Despite horrific evidence from the tribes themselves and the appalling history of Indonesian violence and human rights abuses, it has not yet been possible for the alleged use of chemical weapons to be independently verified. International journalists, humanitarian organisations and human rights observers are denied free and open access to West Papua. Survival and other organisations are calling for a halt to the violent and indiscriminate military operation in the Nduga region and for independent investigators, including international weapons inspectors, to be allowed into the area to investigate the alleged use of white phosphorus and other abuses of the civilian population.

As well as the military operations in the highlands, Indonesia’s security forces are brutally repressing peaceful political dissent. In 2018, on December 1, the date commemorated by many as “Papuan Independence Day,” more than 500 peaceful protestors were arrested in cities across Indonesia. On December 31, the Indonesian police and military violently broke up a meeting of the West Papua National Committee (Komite Nasional Papua Barat–KNPB), a non-violent Papuan peoples’ organisation calling for a referendum on the independence of West Papua. More than one hundred police and soldiers stormed and then destroyed KNPB’s office. Nine members of KNPB were arrested and beaten; three have been detained and charged with treason.

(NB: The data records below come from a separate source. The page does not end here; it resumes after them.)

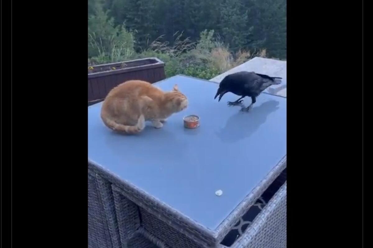 Il video del corvo che ruba il cibo al gatto per condividerlo con un amico inaspettato (blitzquotidiano.it)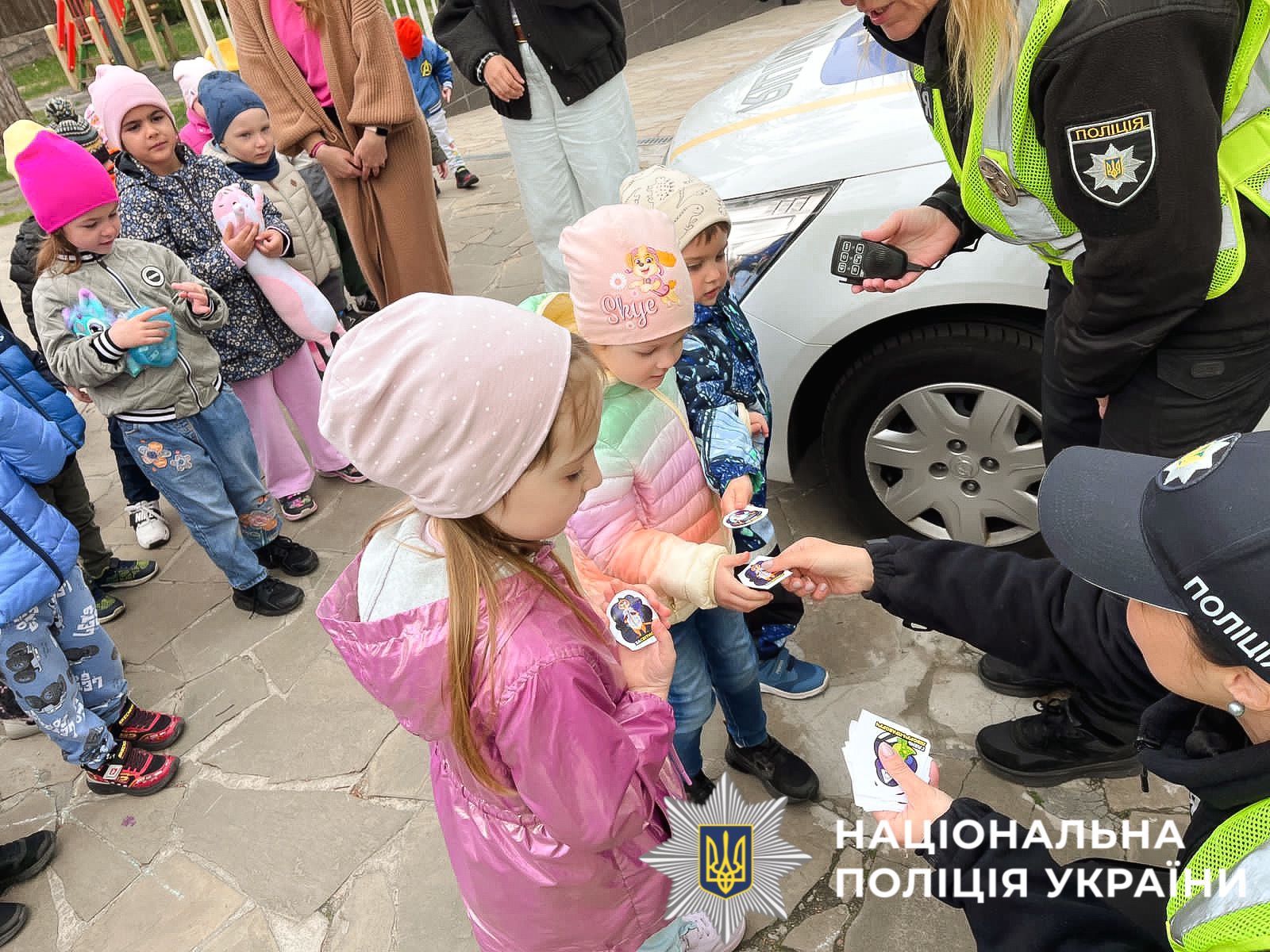 Наймолодші учасники заходу щиро подякували поліцейським за цікаву розповідь та подарували їм власноруч створені тематичні малюнки. Ювенальні поліцейські вручили кожній дитині наклейки щодо безпеки дорожнього руху.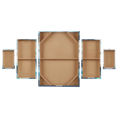 Give your home a beautiful modern touch with the Midnight Tide Blue Gel Coat Canvas 5 Piece Set by Artist Blakely Bering. Showcasing cool blues and earthy tones, this oversized five piece wall art set creates a gorgeous abstract image that can serve as the focal point in any room. The contrasting colors are protected by a gel coating that provides additional texture and a glossy finish, while also preventing fading over time. A cardboard backing on each canvas adds structure and support, while two D-rings on the reverse of each piece makes this set easy to hang. Comes as a 5 Piece set in varying sizes; Display this gel coat canvas set together for an oversized art piece sure to capture anyone’s attention, or hang pieces separately throughout your home to fit any smaller space. Spot clean only.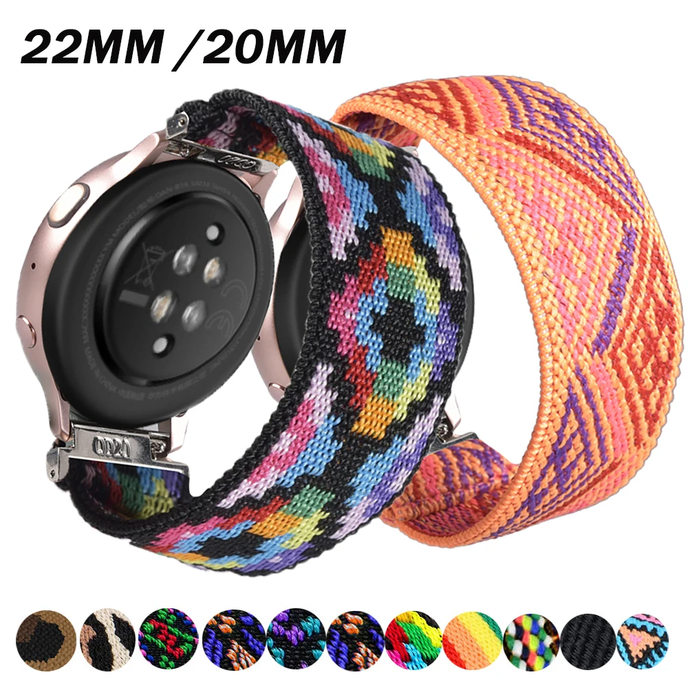 Эластичный ремешок для часов с нейлоновой петлей 20 мм 22 мм для Samsung Galaxy Watch 3 active2, цветной браслет 18 мм, браслет для часов Huawei
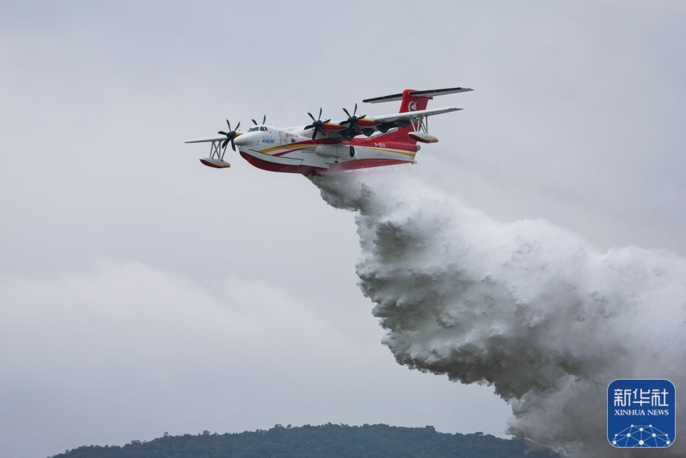 AG600M全状态新构型灭火机在第十四届中国航展上进行投水演示(11月8日摄)。新华社记者 刘大伟 摄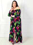Sukienka plus size maxi z rozcięciem – tropikalny wzór i wygoda XXL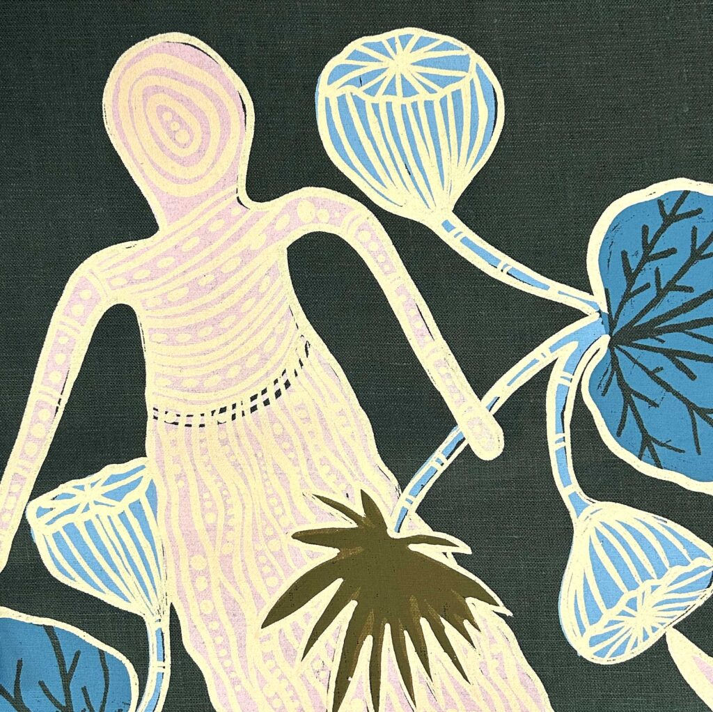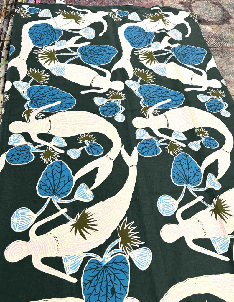 Kieren Karritpul – Mermaids on dark green linen (2m)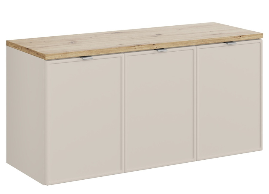 Skrinka pod umývadlo s vrchnou doskou BELLA Cashmere 82-120-3D-DA je skvelou voľbou pre tých, ktorí hľadajú funkčný a štýlový kúpeľňový nábytok. So šírkou 120 cm poskytuje dostatok priestoru na uskladnenie. Vyrobená je z laminovanej drevotriesky s ABS hranami, ktoré zvyšujú jej odolnosť voči vlhkosti. Dvierka z MDF materiálu dodávajú skrinkám do kúpeľne pevnosť a uhladený vzhľad, podporený ozdobne frézovaným rámom na predných plochách. Skrinka ponúka možnosť výberu z troch farebných sád úchytiek: zlatá lesklá, chrómová lesklá a čierna matná, čo prináša možnosť prispôsobiť jej vzhľad k batérii alebo iným doplnkom. Farebné prevedenie kašmír/dub artisan vytvára moderný dojem, vhodný do rôznych typov interiérov.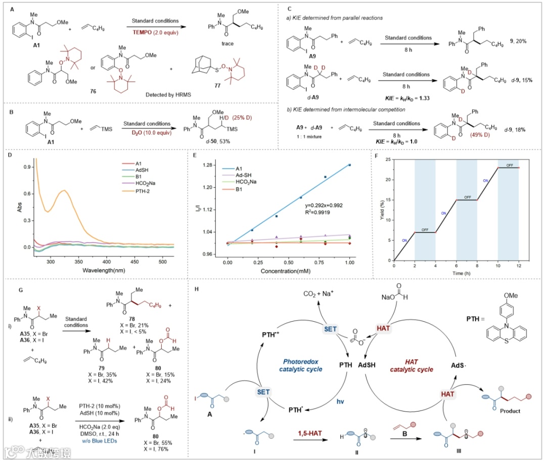 为更深入地理解该反应机理,作者进行了机理实验(图 3)。首先,加入自由基捕获剂TEMPO后反应被完全抑制,并通过HRMS检测到相应的 TEMPO 加合物76 和 77,这表明芳基自由基、α-羰基自由基以及硫自由基是该反应的关键中间体(图 3A)。其次,氘标记实验证明了硫醇在分子间 HAT 过程中的供氢作用(图 3B)。同位素效应(KIE)实验证明,分子内 1,5-HAT 并不是该反应的速率决定步骤(图 3C)。此外,紫外–可见吸收光谱结果表明,在反应条件下,PTH 光催化剂是在 325 nm 激发波长下的光吸收物种(图 3D)。Stern–Volmer 分析进一步证明,芳基碘代物是该反应的淬灭剂(图 3E)。光开关实验(图 3F)的结果排除了自由基链式反应的可能性。最后,作者在标准反应条件下考察了 α-卤代酰胺 A35 和 A36 的反应性(图 3G)。当使用这两类 α-卤代酰胺均产生了大量脱卤副产物、和酰氧取代副产物、(图 3G,i)。在不进行蓝光 LED 照射的对照实验中发现,酰氧取代副产物 80 来自 HCO2Na 与 α-卤代酰胺之间的亲核取代反应(图 3G,ii)。这些结果凸显了我们所建立的催化体系在促进高效 α-烷基化的同时,能够有效抑制副反应的独特优势。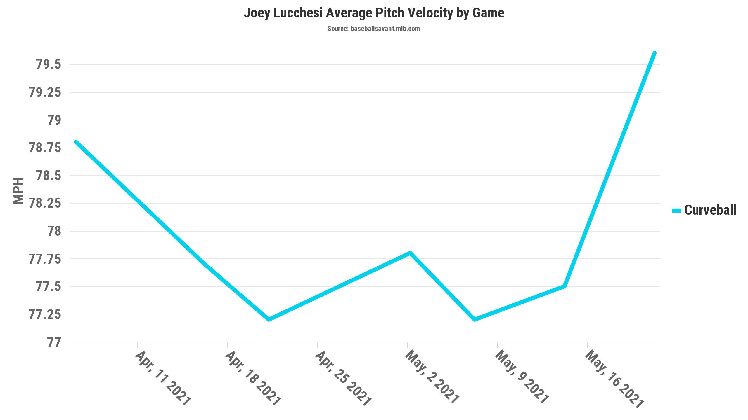 While Lucchesi didn’t make any mechanical adjustments before his latest start, he still witnessed a fairly dramatic increase in his breaking ball’s velocity, as it climbed from its average velocity of 77.5 mph on May 15 to a season-high 79.6 mph on May 22.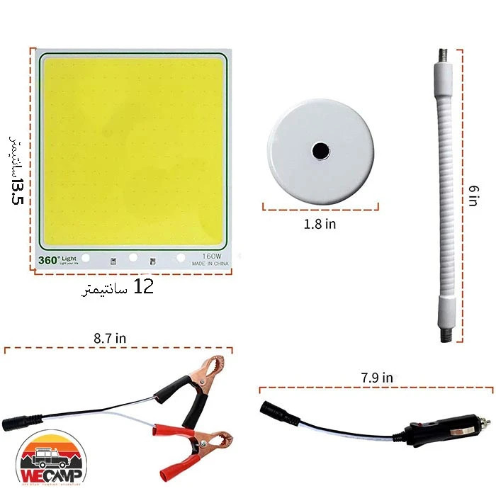 چراغ کمپی سیار ماشینی 360 لایت مدل TM-08 با توان مصرفی 160 وات و توان ورودی 12 ولت، مناسب برای استفاده در کمپینگ و شرایط مختلف. این چراغ دارای بدنه آلیاژی از آهن و آلومینیوم، مقاومت در برابر آب و دمای رنگ 6000 کلوین است. قابلیت تنظیم نور به حالت چشمکزن و محدوده عملکرد دمایی از 0 تا 40 درجه سانتیگراد دارد.
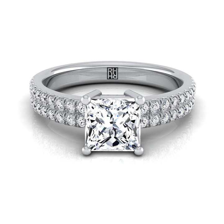 แหวนหมั้นเพชรทรงเจ้าหญิง 18K ทองคำขาว แถวคู่แบบปาเว่ - 1/4 กะรัตรวม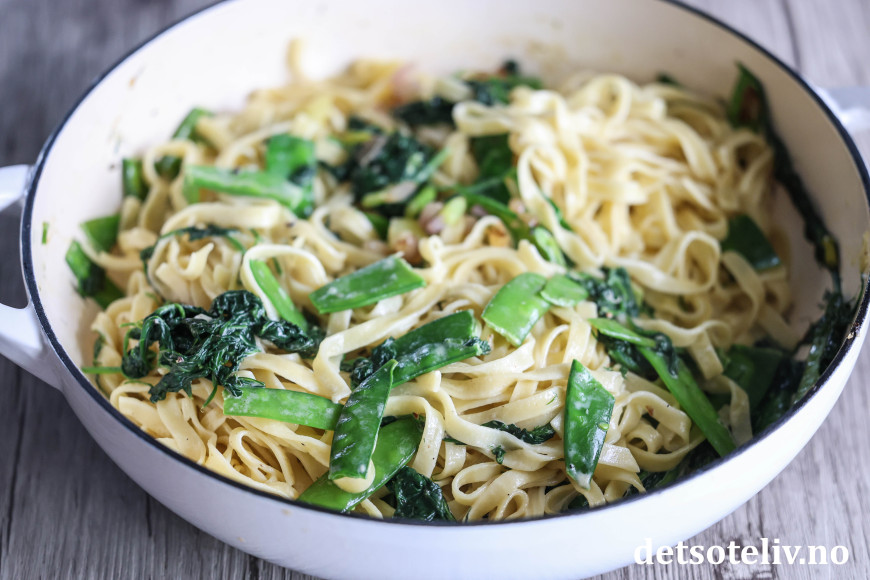 Når det er ca. 1 minutt igjen før pastaen er ferdig kokt (al dente), løftes pastaen ut av kokevannet og over i pannen. Vend om og tilsett også ca. 0,5 dl av pastavannet.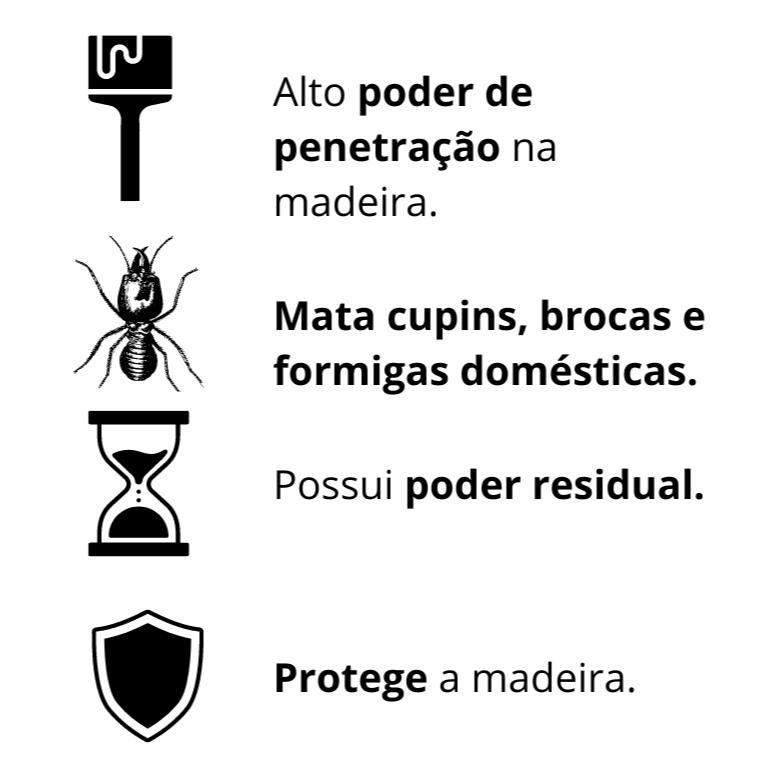 CARACTERÍSTICAS Elimine de maneira eficaz, rápida, prática e segura os cupins de seus móveis e as formigas domésticas de sua casa. Aplique o Mata Cupim (Veneno / Remédio) Spray da JIMO! O cupinicida da JIMO é um produto que está no mercado desde 1956, eficaz e de tradição o Mata Cupins da JIMO é fácil de aplicar! Muito eficaz contra os cupins em qualquer tipo de madeira e focos localizados de formigas domésticas! Aerossol residual de ação prolongada, o Mata Cupim da JIMO vai livrar você deste inconveniente problema. Completas instruções de uso e segurança no verso da embalagem do produto. Produto Nacional com a qualidade JIMO QUÍMICA INDUSTRIAL. Embalagem Spray : 400ml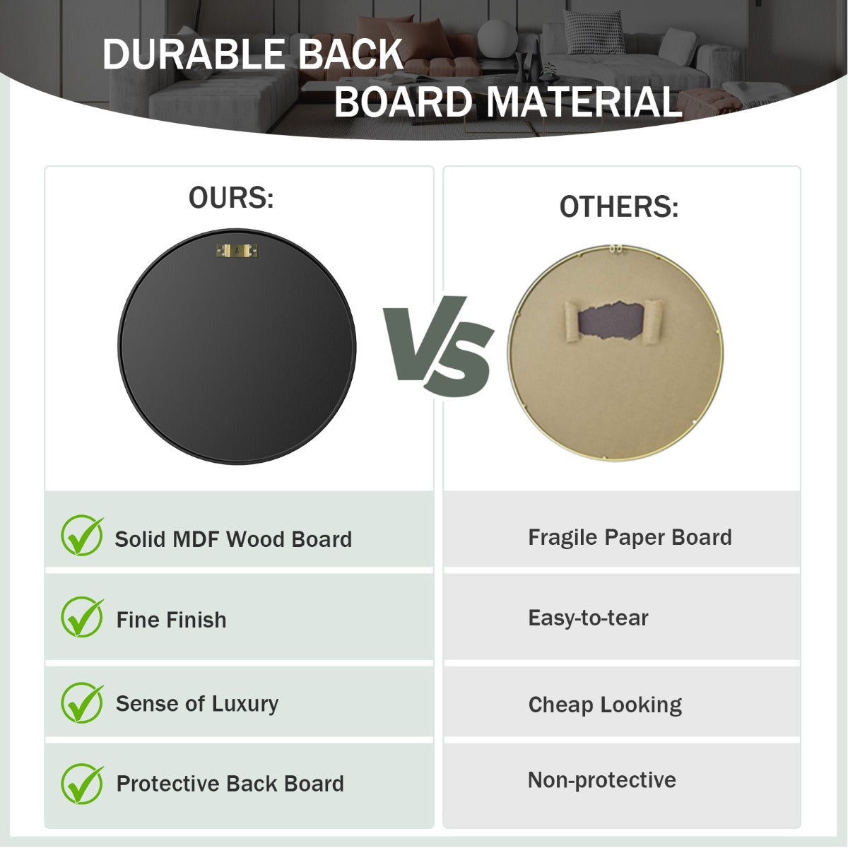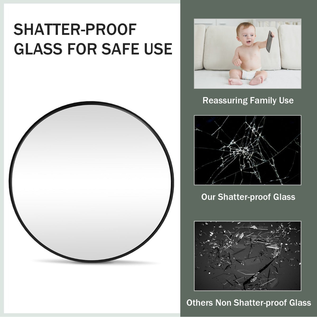 Safe & Easy Installation: The glass is safely inlaid and protected by the surrounding metal black frame construction. The mirror comes with reinforced preset hook as well as screws to hang it in a wanted position. Please ensure you hang it properly for safety.
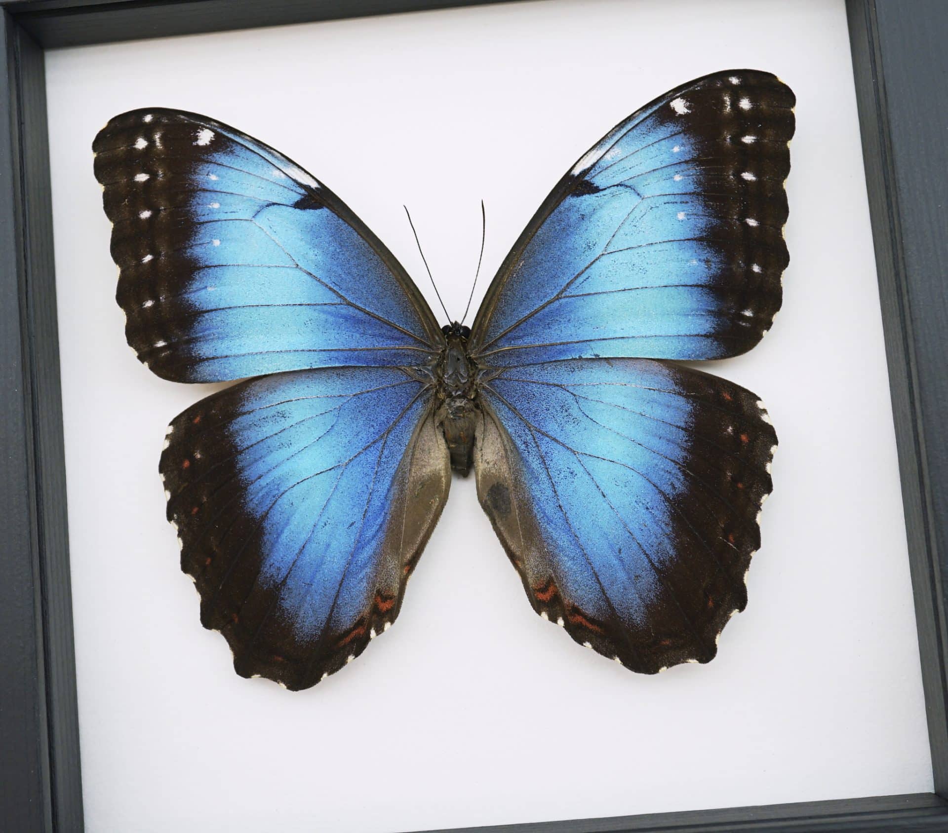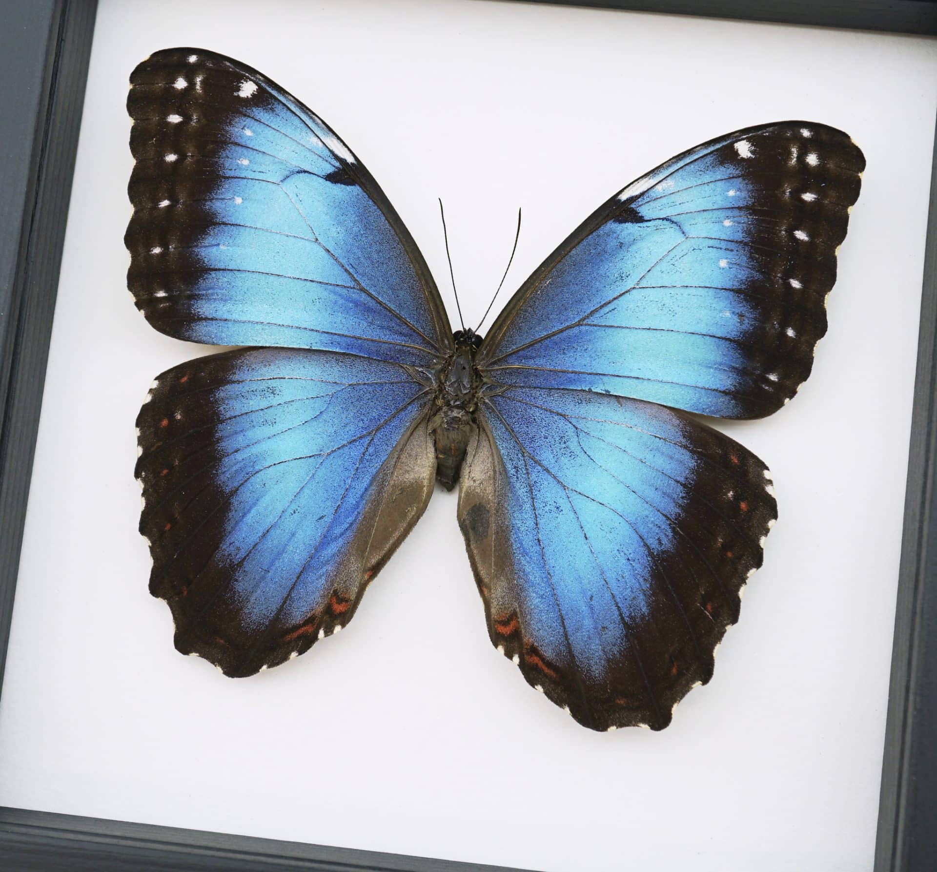 Rare Hybrid Blue Morpho Butterfly Female Framed Taxidermy Classic Black Display

West Papuans have described what is happening to them as a ‘silent genocide.’ Its invisibility is, in no small part, due to the restrictions on journalists and the repression of peaceful organisations. The abuse of the Papuan peoples by the Indonesian government is one of the worst atrocities of our times. Papuan voices must be heard; Papuans brave enough to speak out must be protected and the international community must expose and stop the human rights violations that are happening there.